Thursday, December 18, 2014

Watching Freebies

We haven't been to the cinema this week. A couple of weeks ago husband inadvertently clicked on something at Amazon and received a free month of Amazon Prime, which includes access to their library of films and TV shows (similar set up to Netflix). We've been exploring the freebie opportunity, using Roku, and have found lots to entertain us. We've binge-watched a season each of The Good Wife and Justified (starting from season where previous rental DVDs ended). We've just begun watching season 1 of Warehouse 13 - new to us. It's a fun sci-fi/fantasy series with echoes of The X-Files, and Raiders of the Lost Ark. We also found a couple of decent movies, as well as one we considered not so decent and decided it did not deserve the acclaim it had received.

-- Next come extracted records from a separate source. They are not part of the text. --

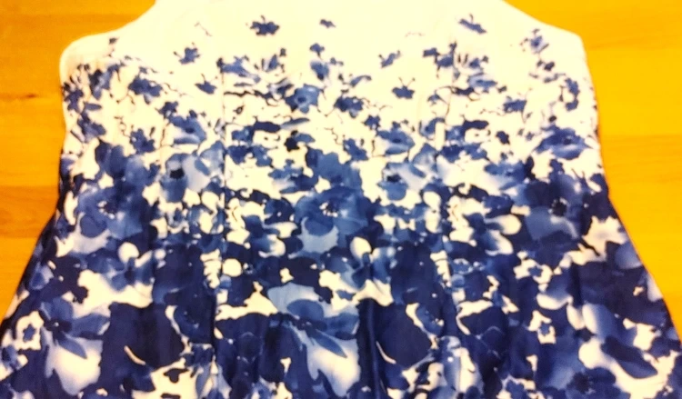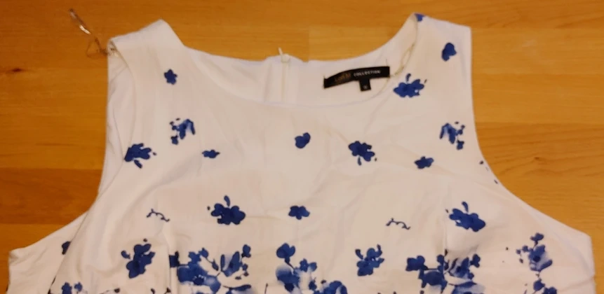Lori Michaels collection sleeveless zip up patterned dress. Has a blue and white floral pattern with 3/4 zip. Excellent condition. Like new. No rips, stains or fraying. Zipper in perfect working order. Smoke free home pick up Mt.Brydges cash only.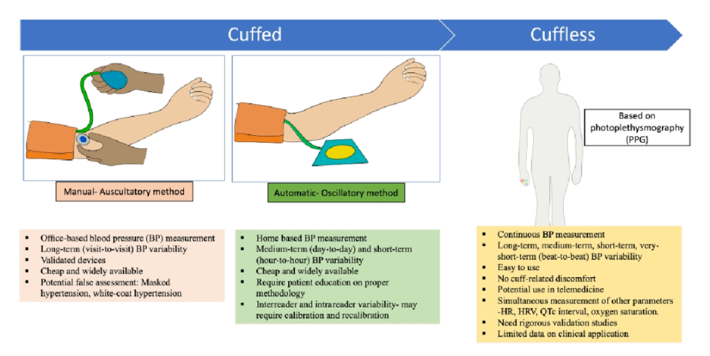 最常用的无袖带血压测量设备是基于光电体积描记的技术(脉搏波形特征、脉搏传导时间、振荡法、透皮光学成像)。光电体积描记术是一种光学方法,用于测量活体组织中血管吸收或反射的光量(图2)。基于光电体积描记法系统的潜在局限性包括因肤色差异、运动伪影和显著的设备间差异(由于使用不同制造商使用的专有机器学习算法)而导致的不准确性。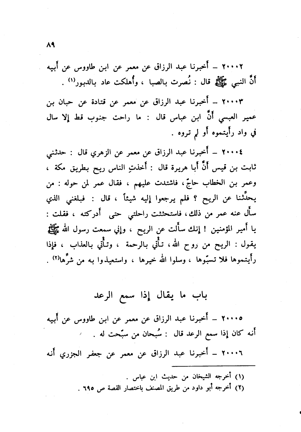 ٢٠٠٠٢ - أَخْبَرَنَا عَبْدُ الرَّزَّاقِ، عَنْ مَعْمَرٍ، عَنِ ابْنِ طَاوُسٍ، عَنْ أَبِيهِ، أَنَّ النَّبِيَّ صَلَّى اللهُ عَلَيْهِ وَسَلَّمَ قَالَ: «نُصِرْتُ بِالصَّبَا، وَأُهْلِكَتْ عَادٌ بِالدَّبُورِ»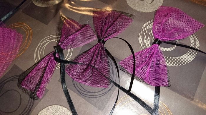 On est quand même pas mal à faire nos petits noeuds pour le plaisir de nos invités ! Chacune sa technique, alors voici la mienne pour celles que ça intéresse Se munir de 2 rouleaux de tulle et d'un ruban à vos couleurs bien sûr. Couper une bande...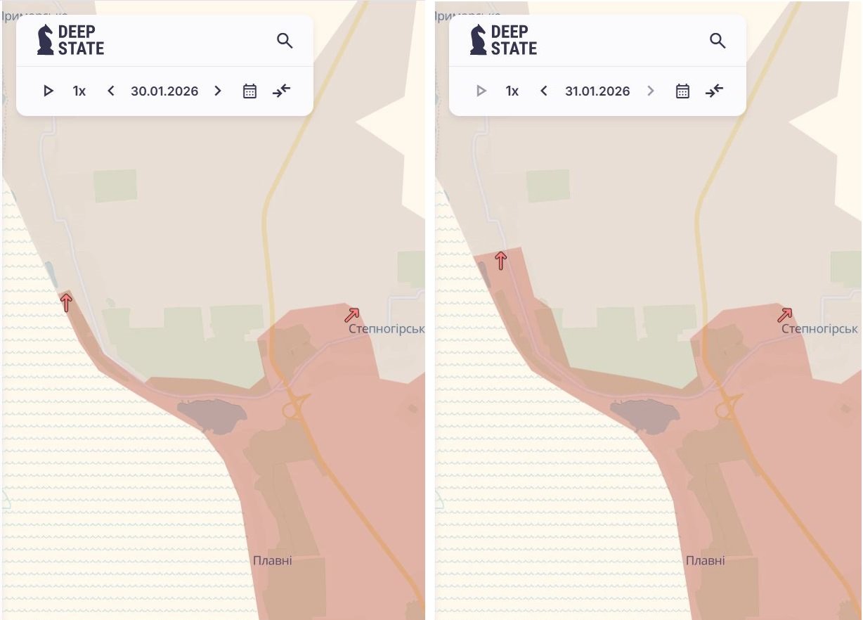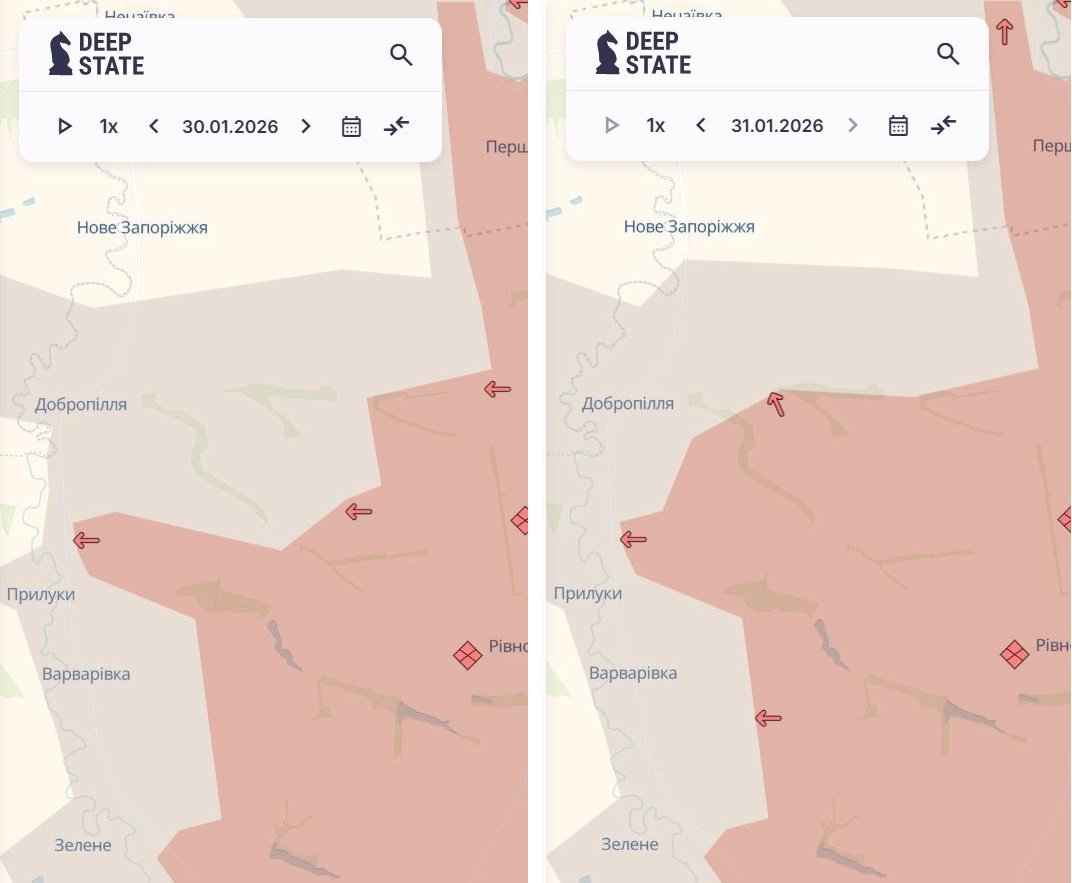 Ворог просунувся у Приморському на Василівщині, а також біля Добропілля на Гуляйпільщині. Про це повідомив OSINT-проєкт DeepState 1 лютого.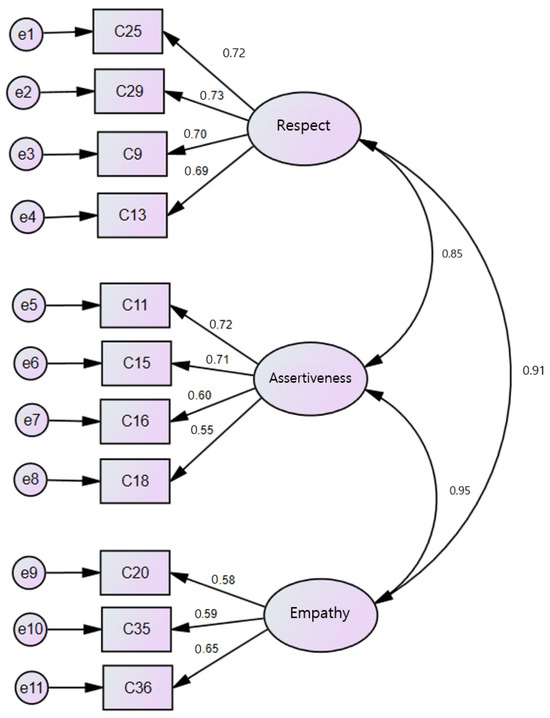 For convergent validity, all standardized lambda (λ) values exceeded 0.50. AVE values were 0.533 for Assertiveness, 0.472 for Empathy, and 0.614 for Respect. CR values were 0.818 for Assertiveness, 0.728 for Empathy, and 0.864 for Respect, all meeting the convergent validity criteria (Table 3 and Figure 3).
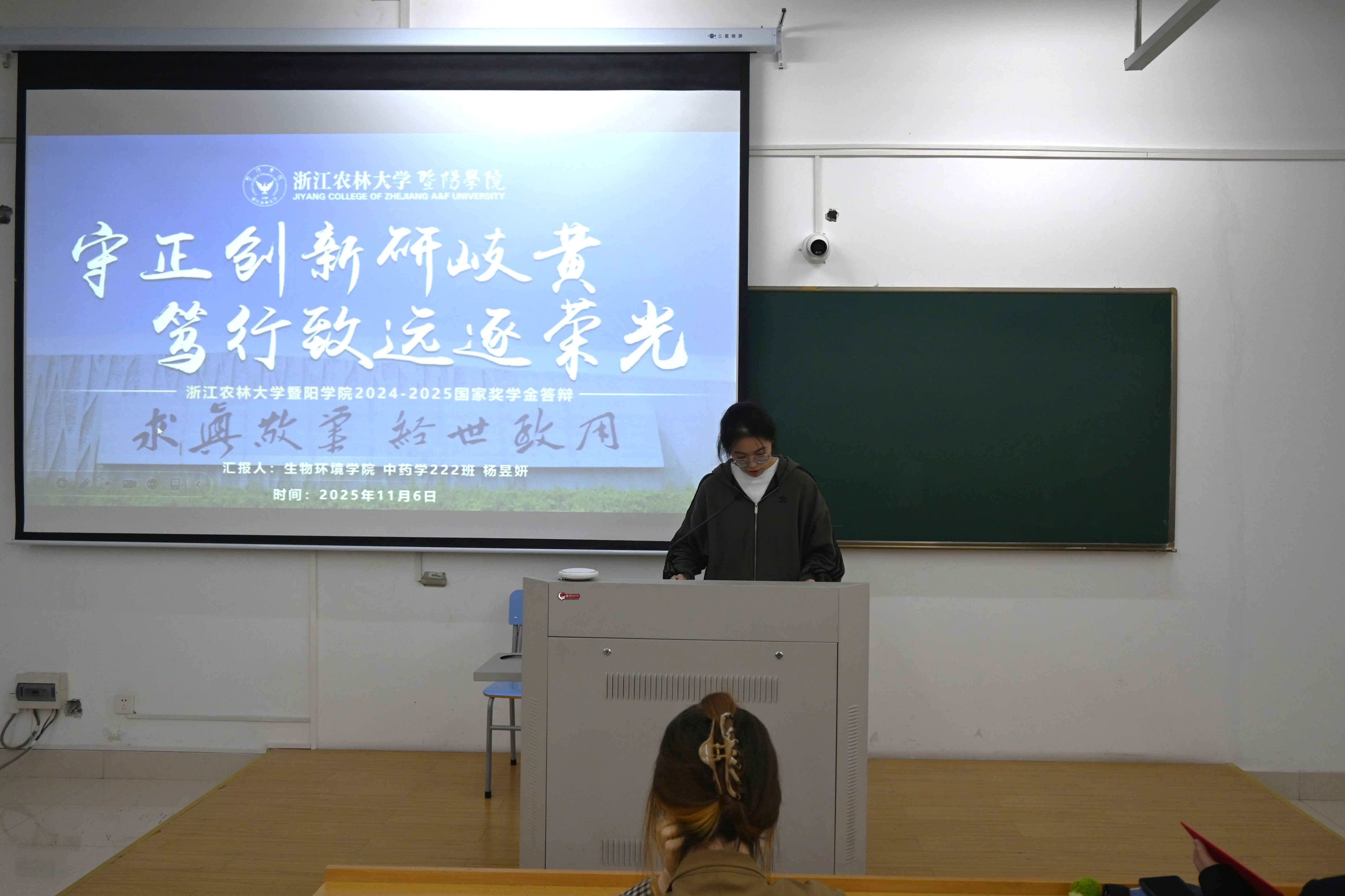 首先由陈慧分享了她在大学期间的成长经历,展示了她在学业、科研等方面获得的多项荣誉。她从思想、学术、实践三方面入手,用亲身经历告诉学弟学妹们,对待学习和生活都要秉持永不言弃的态度。随后,杨昱妍针对思想、学业、科研、服务四个角度,通过讲述自己在学习、科研等方面的经历,表明了守正创新的重要性,同时强调了笃行致远对于自身成长的关键性。最后,张露从四个方面将学科竞赛解构。她将比赛制胜的关键分为“内核”、“呈现”、“展示”三部分,向我们分享了她的制胜经验。同时激励暨阳学子加强对自身的锤炼,不断提高创新能力。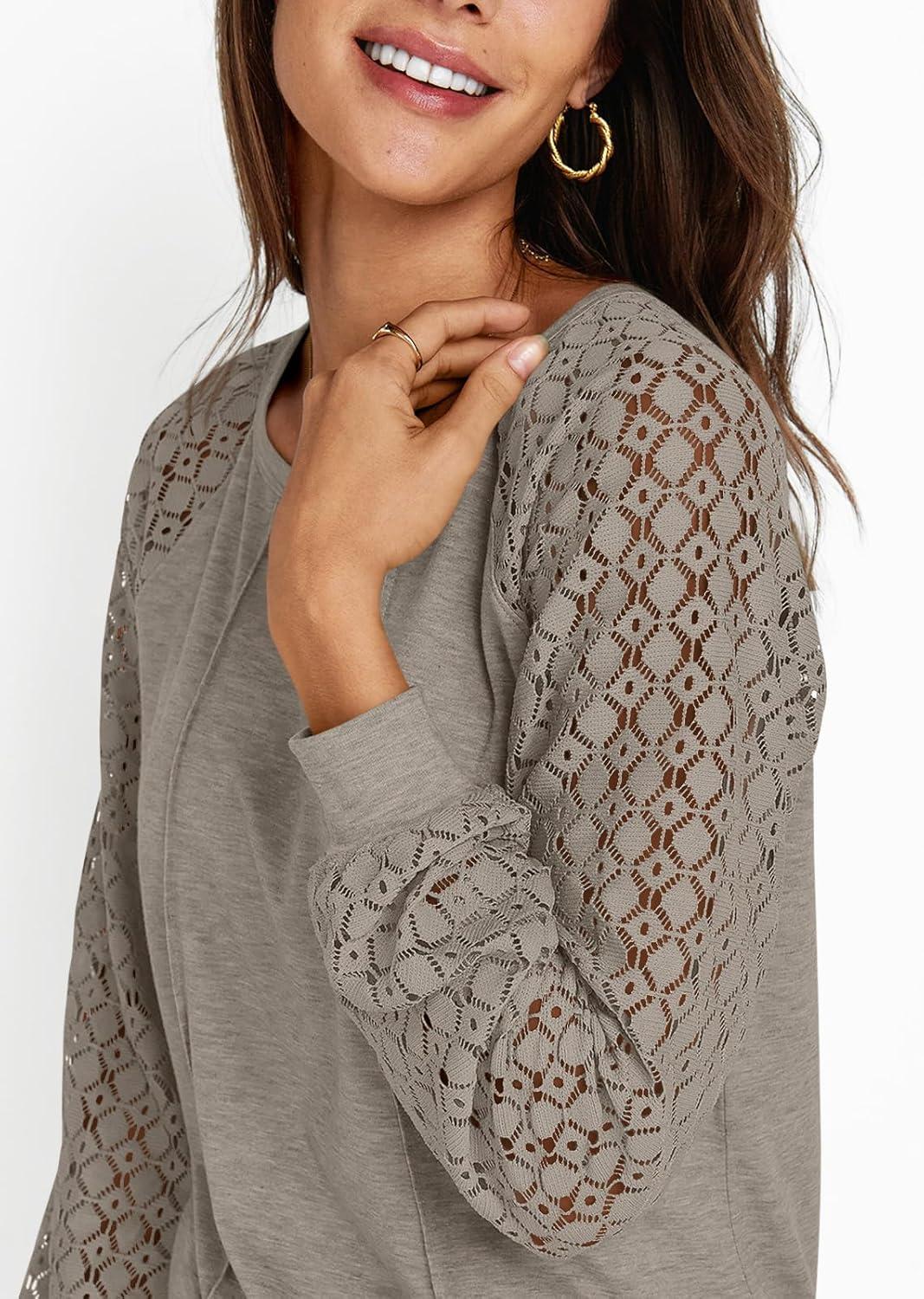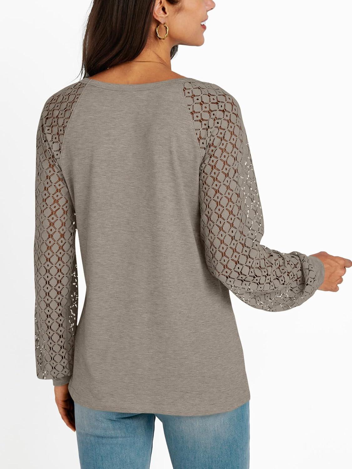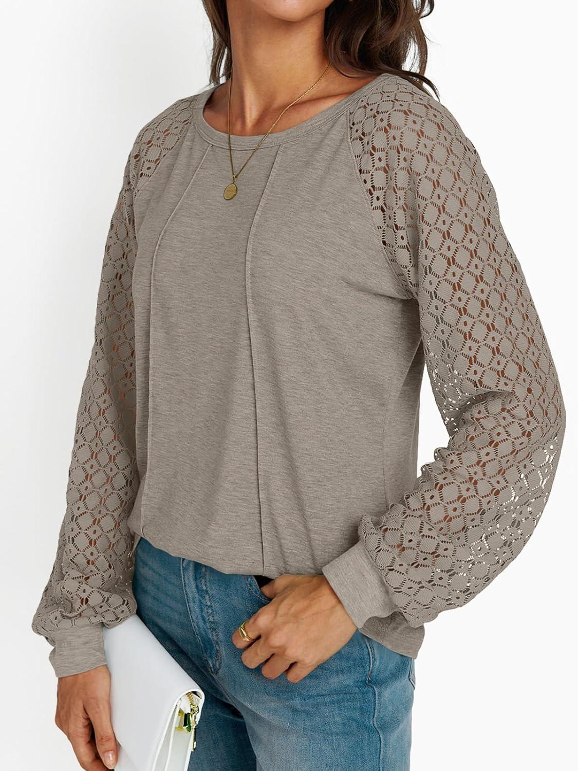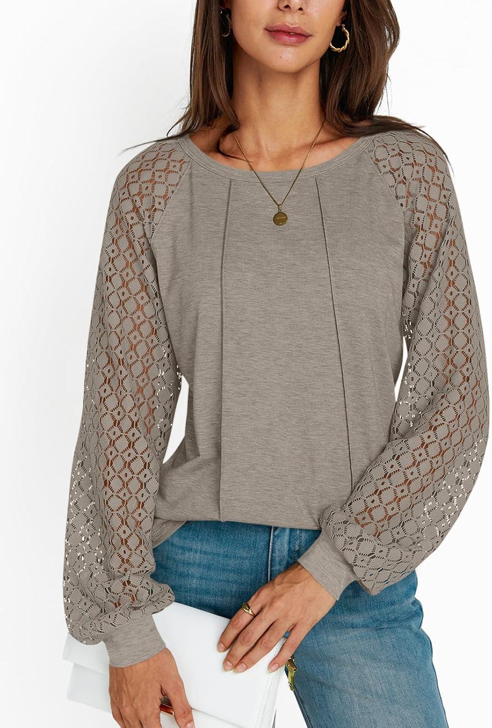AUTOMET Womens Long Sleeve Shirts Casual Tops Dressy Outfits Fall Fashion Blouses Lace Clothes Y2k(Khaki)

One of the most enjoyable films was Hachi- A Dog's Tale. A tale about a dog? I can never resist one of those, never have been able to since first seeing Lassie Come Home, long ago and far away when I was very young. Hachi was a new one to me. It's based on a Japanese true story of a lost puppy, found and cherished, with much doggy loyalty in return. The story reminded me a lot of an old Scottish doggy story, Greyfriars Bobby.

Tears are almost always par for the course in doggy movies - a foregone conclusion. Gratuitous sentimentality abounds, tissues will be to hand, and were essential for Hachi!

The movie we didn't much like, but struggled complainingly through because, well, "Scorsese can't be too bad can he?" (Yes!) : The Wolf of Wall Street with Leonardo DiCaprio as Jordan Belfort. Talk about gratuitous - not sentimentality this time - soft-porn-ish sex scenes, one every few minutes it seemed like. Boring repetitious bad language, the word "fuck" loses all impact when repeated again and again... and again as part of every sentence uttered. The film is based on Jordan Belfort's memoir, so presumably it is at least partly true. Even with Scorsese at the helm, The Wolf of Wall Street, for us, didn't come anywhere near the quality of Oliver Stone's 1987 film Wall Street, with Michael Douglas as Gordon Gekko.

On we go then, there are lots of freebies still to sample!